State TV referred to the decision to enrich to 60% as a “show of power against terrorist roguery.” Mahmoud Vaezi, the chief of staff for Iran’s president, similarly said it sent the message that Iran’s atomic program ”will not be stopped through the assassination of nuclear scientists and sabotage in nuclear facilities.”

The incident at Natanz and the Iranian decision to ramp up enrichment levels came amid ongoing talks in Vienna that are aimed at finding a way for the United States to reenter the nuclear agreement and have Iran comply again with its limits. The accord, from which former president Donald Trump withdrew the US in 2018, prevented Iran from stockpiling enough high-enriched uranium to be able to pursue a nuclear weapon in exchange for the lifting of economic sanctions.

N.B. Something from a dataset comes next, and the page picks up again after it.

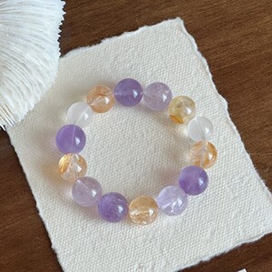 【普罗旺斯】14mm多宝水晶手串大珠子黄胶花紫水晶设计款水晶手链

The latest round of diplomatic negotiations aimed at ensuring the US’s return to the accord lasted for roughly two hours on Thursday afternoon, with Russia’s ambassador to the UN in Vienna, Mikhail Ulyanov, tweeting afterwards that the “general impression is positive.”

Israeli officials, led by Netanyahu, have adamantly opposed the US returning to the nuclear deal, putting Jerusalem at odds with the new White House administration.

Iran’s supreme leader on Wednesday dismissed initial offers being made at the talks in Vienna, describing them as “not worth looking at.”